Ottawa, Ontario (CAN)-based AI governance firm NuEnergy.ai has secured a U.S. patent on its Machine Trust Index (MTI) methodology, a standardized measurement for artificial intelligence (AI) oversight.
The milestone comes as competition intensifies in the complex, quickly evolving field of AI visibility and explainability, giving NuEnergy an additional bragging right and legal moat. Its MTI framework was developed in 2018, even before the current rush of investment in generative AI.
As Harry Major, NuEnergy’s VP of Software explained in a release last week, “AI is transforming myriad industries and enhancing efficiency through innovative solutions. However, as these systems become more integrated into our daily lives, ensuring their ethical and responsible use is paramount.”
Quantifying accountability at the highest levels
Founded in 2017 by Niraj Bhargava and a team of technical and policy experts, NuEnergy recognized emerging challenges around artificial intelligence required practical, cross-disciplinary solutions.
As Bhargava recounted in an exclusive interview with VentureBeat: “We decided to be focused completely on governance and be an independent third party when it comes to governance, because many companies claim they understand ethics and responsible AI, but they’re governing their own AI and marketing their own AI. So they have their own biases in that respect.”
This approach led to NuEnergy’s research and the MTI system.
Furthemore, NuEnergy’s new patent, ‘Methods and Systems for the Measurement of Relative Trustworthiness for Technology Enhanced with AI Learning Algorithms’ helps to accomplish what Bhargava expressed as his company’s stated mission: “communicate to non technical people what they need to know as far as guardrails for AI.”
“We want to measure the trustworthiness of an AI algorithm…in a transparent and auditable way,” he added.
Hence, the creation of an “intricate analyses into a simple zero to 100 score,” which Bhargava says “supports comprehension across technical and non-technical stakeholders alike. “
MTI is also geared towards keeping enterprise leadership informed of the trustworthiness of their company’s AI tools, because, in Bhargava’s words: “governance belongs at the board level.”
MTI assesses a number of parameters of AI models and applications, including privacy, fairness, bias, security and more.
Bhargava noted that MTI can also be customized “to our client organization…it’s not one size fits all.”
To support this effort, MTI can accommodate case-specific parameters for unique industries such as healthcare, transportation, government agencies and beyond — ensuring relevance and actionable insights for each industry and company within it.

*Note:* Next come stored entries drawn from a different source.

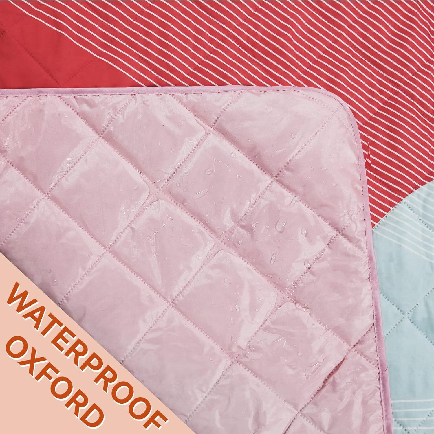Material: Whale Flotilla sandproof picnic blanket adopts 3-layer design, with soft brushed fabric on the top, microfiber padding in the middle, and 210D waterproof oxford on the bottom. Sophisticated quilting technology makes layers tightly stitched, not easy to wear down and fall off.
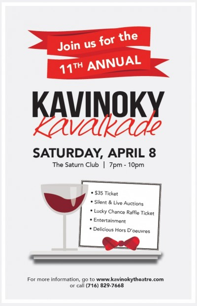 Enjoy spectacular auction items, delicious hors d'oeuvres, great entertainment and, of course, libations at the Kavinoky's 11th annual Kavinoky Kavalkade fundraiser on Saturday, April 8th, at the Saturn Club with a ticket price of just $35.
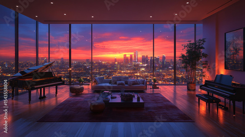 Luxury penthouse living room at sunset. Panoramic city view
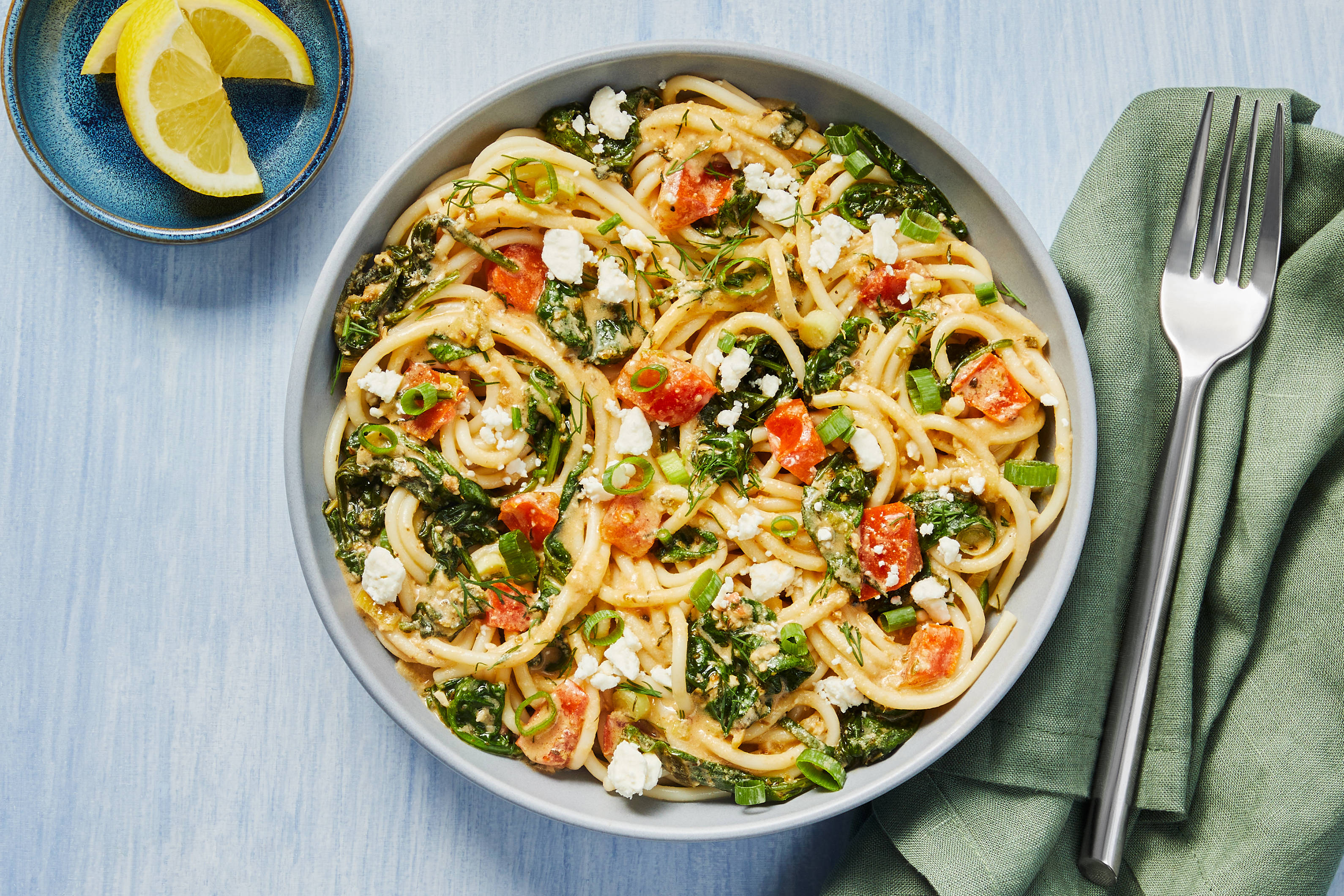 Spinach is a leafy green that can fit in a variety of meals. Spinach can fit anywhere, from breakfast, brunch, and lunch to appetizers, side dishes, and the main course. Eating spinach is an excellent way to increase your intake of vitamin A, vitamin C, vitamin K, iron, calcium, potassium, and fiber. Here at HelloFresh, we offer an array of dishes highlighting spinach, from our Cheesy Spinach, Tomato & Feta Panini to our Spanakopita Spinach Salad.

Measuring what matters most
NuEnergy established methods for indirect evaluation, helpful with the rise of embedded and opaque “black box” AI models.
“We spend as much time on methodologies for black boxes as white boxes,” Bhargava told VentureBeat.

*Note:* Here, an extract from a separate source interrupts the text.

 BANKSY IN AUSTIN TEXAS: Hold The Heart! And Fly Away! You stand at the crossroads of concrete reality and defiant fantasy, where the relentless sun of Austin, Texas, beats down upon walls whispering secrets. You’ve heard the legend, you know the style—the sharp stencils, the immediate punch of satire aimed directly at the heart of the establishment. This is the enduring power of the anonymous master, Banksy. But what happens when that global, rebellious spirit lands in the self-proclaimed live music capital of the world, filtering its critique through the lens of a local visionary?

The MTI provides a means of abstracted measurement to address issues like bias, privacy and transparency, even when direct examination of an AI system is not possible due to its inscrutability.
“We have methodologies for measuring inputs and outputs of models that you may not have access to the training data of. We essentially generate test data to get to the machine trust index,” said Bhargava.
Additional measures monitor model drift over time and conformance to standards such as Canada’s Algorithmic Impact Assessment integrated into their platform.
As autonomous systems continue infiltrating every aspect of modern life, NuEnergy’s work establishes an invaluable paradigm guiding ethical, inclusive development.